Looks like GRUB doesn't have a traptable registered with Xen (the PV
equivalent of the IDT).
First, Xen tried to inject a #GP fault and found that the entry EIP was
at 0 (which is sadly the default if nothing is specified). It then took
a pagefault while attempting to inject the #GP, and crashed the domain.
~Andrew
>> Thanks, Ian.
>>
>> On Mon, 2015-09-21 at 22:03 +0200, Andreas Sundstrom wrote:
>>> This is using Debian Jessie and grub 2.02~beta2-22 (with Debian patches
>>> applied) and Xen 4.4.1
>>>
>>> I originally posted a bug report with Debian but got the suggestion to
>>> file bugs with upstream as well.
>>> Debian bug report:
>>> https://bugs.debian.org/cgi-bin/bugreport.cgi?bug=799480
>>>
>>> Note that my original thought was that this bug probably is within GRUB.
>>> But Ian asked me to file a bug with Xen as well, you have to live with
>>> the
>>> fact that it is centered around GRUB though.
>>>
>>> Here's the information from my original bug report:
>>>
>>> Using 64-bit dom0 and 32-bit domU PV (para-virtualized) grub sometimes
>>> fail when chainloading the domU's grub. 64-bit domU seem to work 100%
>>> of the time.
>>>
>>> My understanding of the process:
>>>
>>> * dom0 launches domU with grub that is loaded from dom0's disk.

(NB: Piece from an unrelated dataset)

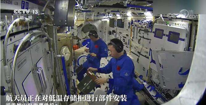 在科学手套箱机柜下方是低温存储装置。这个画面下方,蔡旭哲正在解锁安装的就是低温存储装置。这个装置相当于一个冰箱,它可以提供零上4℃、零下20℃、零下80℃的低温存储能力,满足不同样品所需要的不同低温存储条件。蔡旭哲拿出低温存储柜的部件安装到存储柜中,之后,航天员还开展了对低温存储柜基础功能的测试。
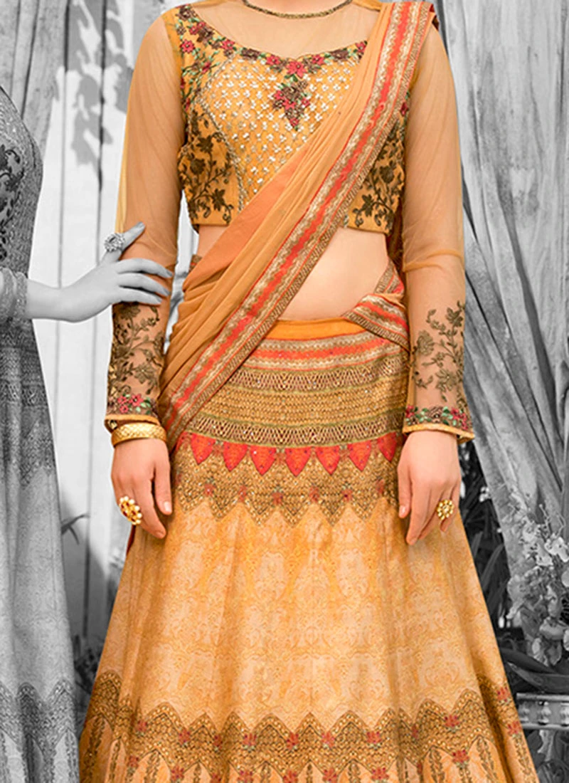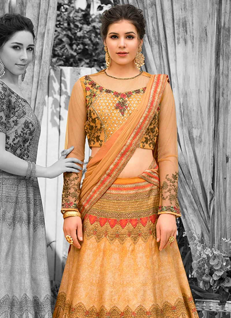Comes with unstitched lehenga, choli and dupatta fabric. To have it stitched, please select the custom tailoring options. Lehenga with elaborate patterns and colors are used for photo-shoot. Color and pattern of the lehenga might not be as shown in the image.

>>> * Grub reads config file from memdisk, and then looks for grub binary in
>>> domU filesystem.
>>> * If grub is found in domU it then chainloads (multiboot) that grub
>>> binary
>>> and the domU grub reads grub.cfg and continue booting.
>>> * If grub is not found in domU it reads grub.cfg and continues with
>>> boot.
>>>
>>> It fails at step 3 in my list of the boot process, but sometimes it
>>> does work so it may be something like a race condition that causes the
>>> problem?
>>>
>>> A workaround is to not install or rename /boot/xen in domU so that the
>>> first grub that is loaded from dom0's disk will not find the grub
>>> binary in the domU filesystem and hence continues to read grub.cfg and
>>> boot. The drawback of this is of course that the two versions can't
>>> differ too much as there are different setups creating grub.cfg and
>>> then reading/parsing it at boot time.
>>>
>>> I am not sure at this point whether this is a problem in XEN or a
>>> problem in grub but I compiled the legacy pvgrub that uses some minios
>>> from XEN (don't really know much more about it) and when that legacy
>>> pvgrub chainloads the domU grub it seems to work 100% of the time. Now
>>> the legace pvgrub is not a real alternative as it's not packaged for
>>> Debian though.
>>>
>>> When it fails "xl create vm -c" outputs this:
>>> Parsing config from /etc/xen/vm
>>> libxl: error: libxl_dom.c:35:libxl__domain_type: unable to get domain
>>> type for domid=16
>>> Unable to attach console
>>> libxl: error: libxl_exec.c:118:libxl_report_child_exitstatus: console
>>> child [0] exited with error status 1
>>>
>>> And "xl dmesg" shows errors like this:
>>> (XEN) traps.c:2514:d15 Domain attempted WRMSR 00000000c0010201 from
>>> 0x0000000000000000 to 0x000000000000ffff.
>>> (XEN) d16:v0: unhandled page fault (ec=0010)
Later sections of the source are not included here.